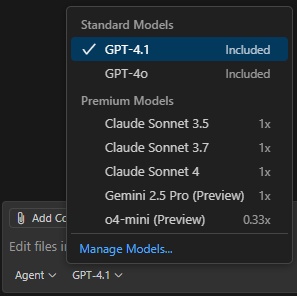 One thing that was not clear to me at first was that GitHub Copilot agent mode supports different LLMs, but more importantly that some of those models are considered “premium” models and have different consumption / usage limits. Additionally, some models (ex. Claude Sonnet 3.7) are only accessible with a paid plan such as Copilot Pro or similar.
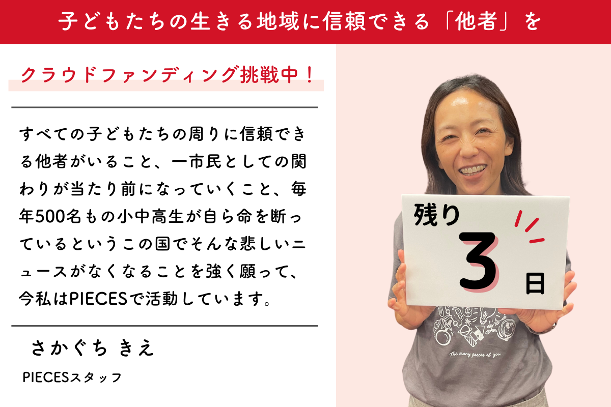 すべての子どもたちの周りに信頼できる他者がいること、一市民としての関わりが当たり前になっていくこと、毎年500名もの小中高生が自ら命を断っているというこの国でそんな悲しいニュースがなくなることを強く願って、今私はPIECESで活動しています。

* * *

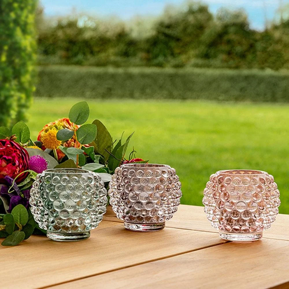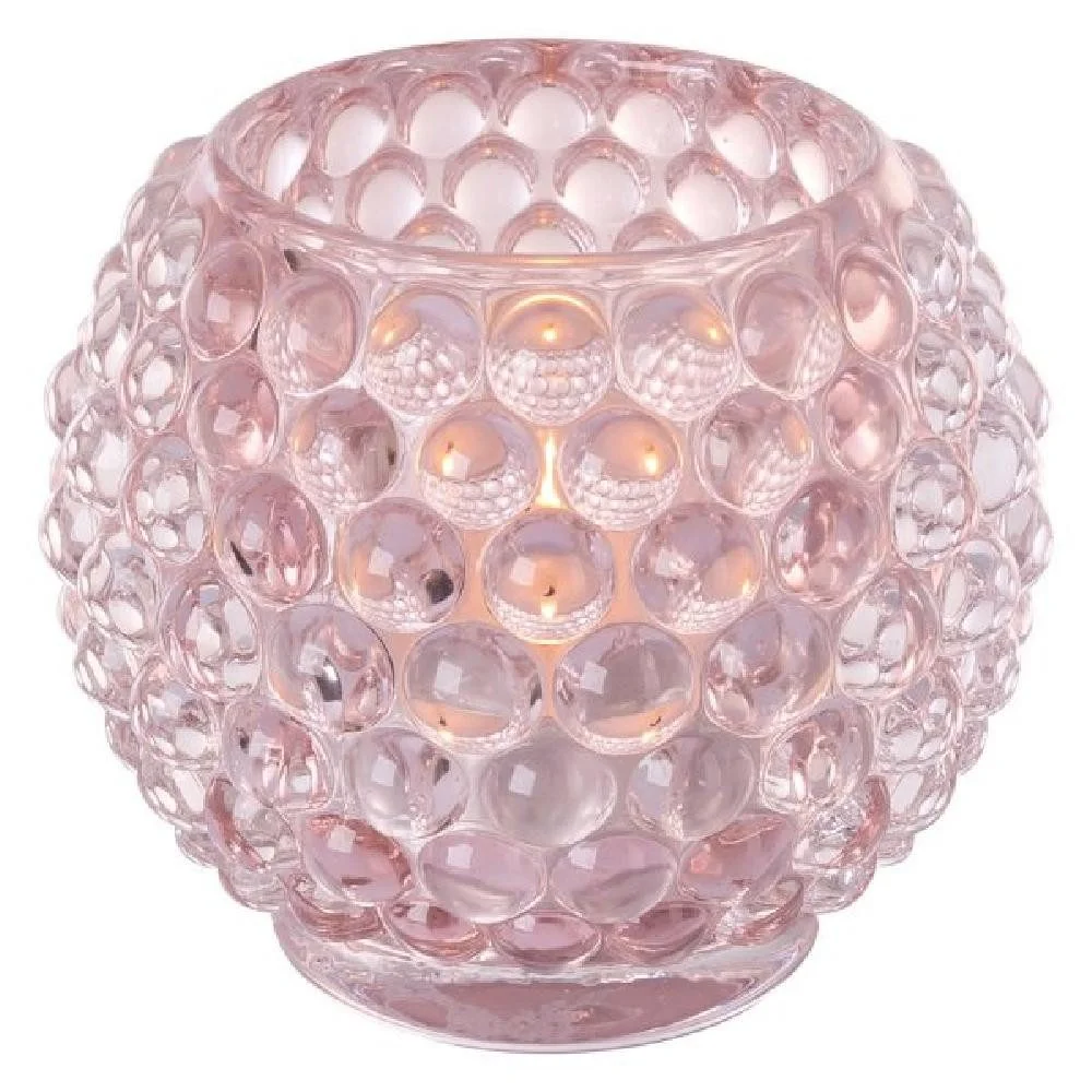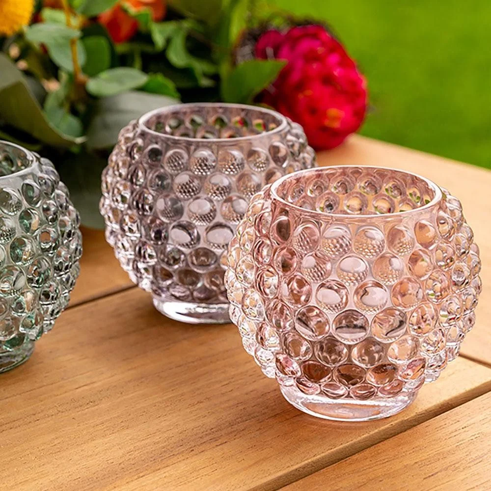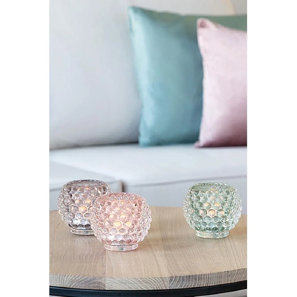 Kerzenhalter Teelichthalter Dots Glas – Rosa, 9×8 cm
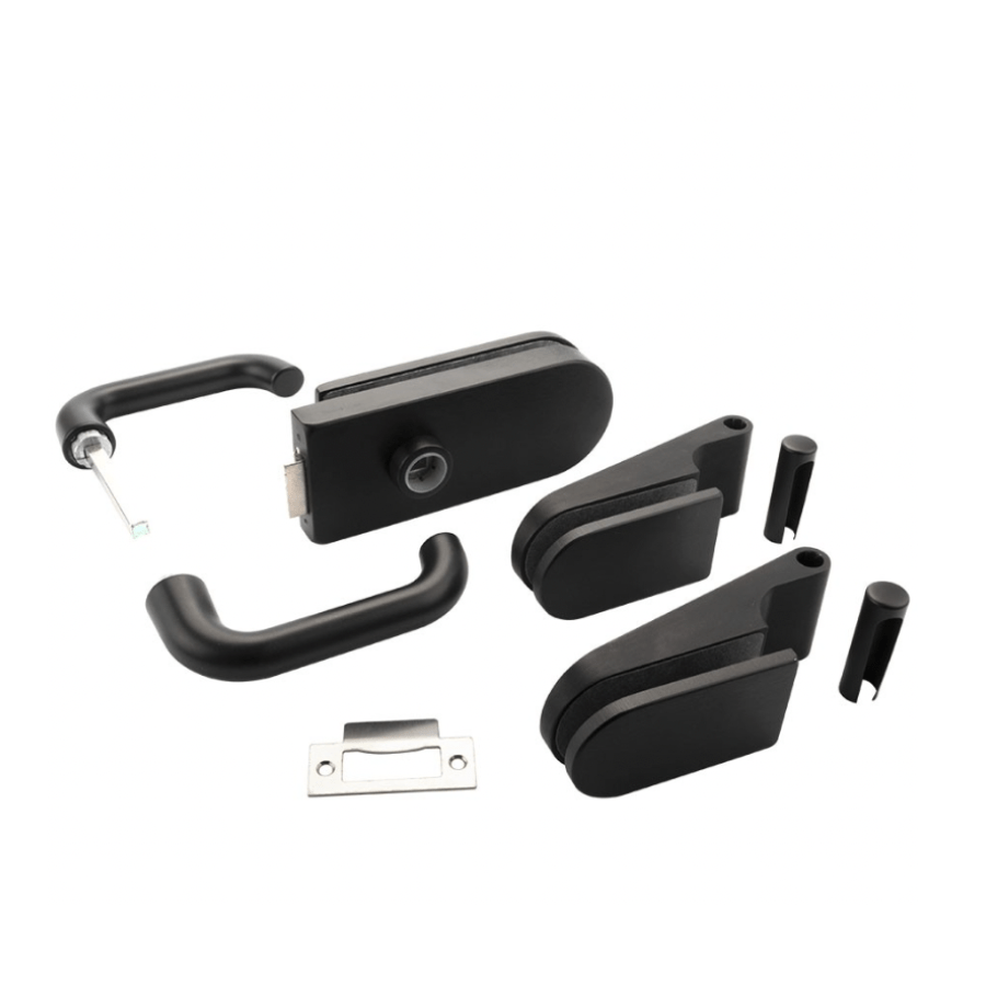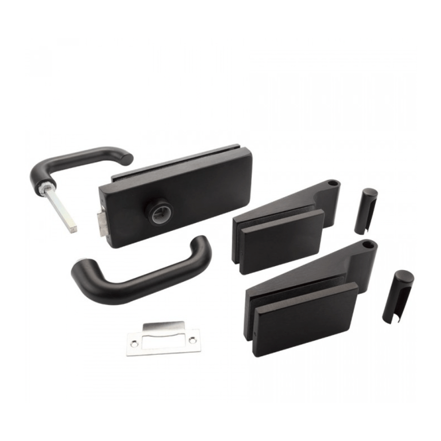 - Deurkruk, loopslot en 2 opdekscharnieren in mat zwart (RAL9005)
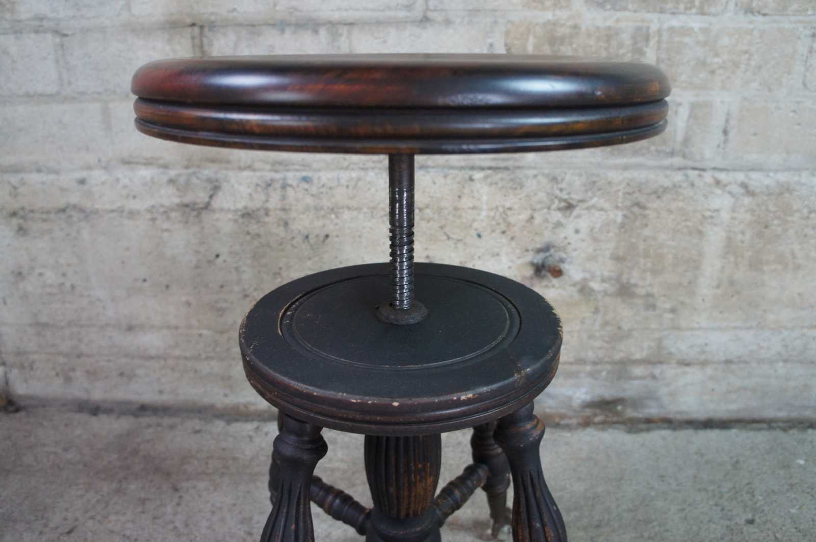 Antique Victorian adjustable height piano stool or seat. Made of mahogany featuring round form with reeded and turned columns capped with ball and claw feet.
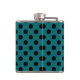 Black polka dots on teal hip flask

# [WORK ITEM]
Every line above from the one with "One thing that" down to the one with "すべての子どもたちの周りに信" must be written out exactly, and no picture may appear.

# [RESPONSE AREA]
 One thing that was not clear to me at first was that GitHub Copilot agent mode supports different LLMs, but more importantly that some of those models are considered “premium” models and have different consumption / usage limits. Additionally, some models (ex. Claude Sonnet 3.7) are only accessible with a paid plan such as Copilot Pro or similar.
 すべての子どもたちの周りに信頼できる他者がいること、一市民としての関わりが当たり前になっていくこと、毎年500名もの小中高生が自ら命を断っているというこの国でそんな悲しいニュースがなくなることを強く願って、今私はPIECESで活動しています。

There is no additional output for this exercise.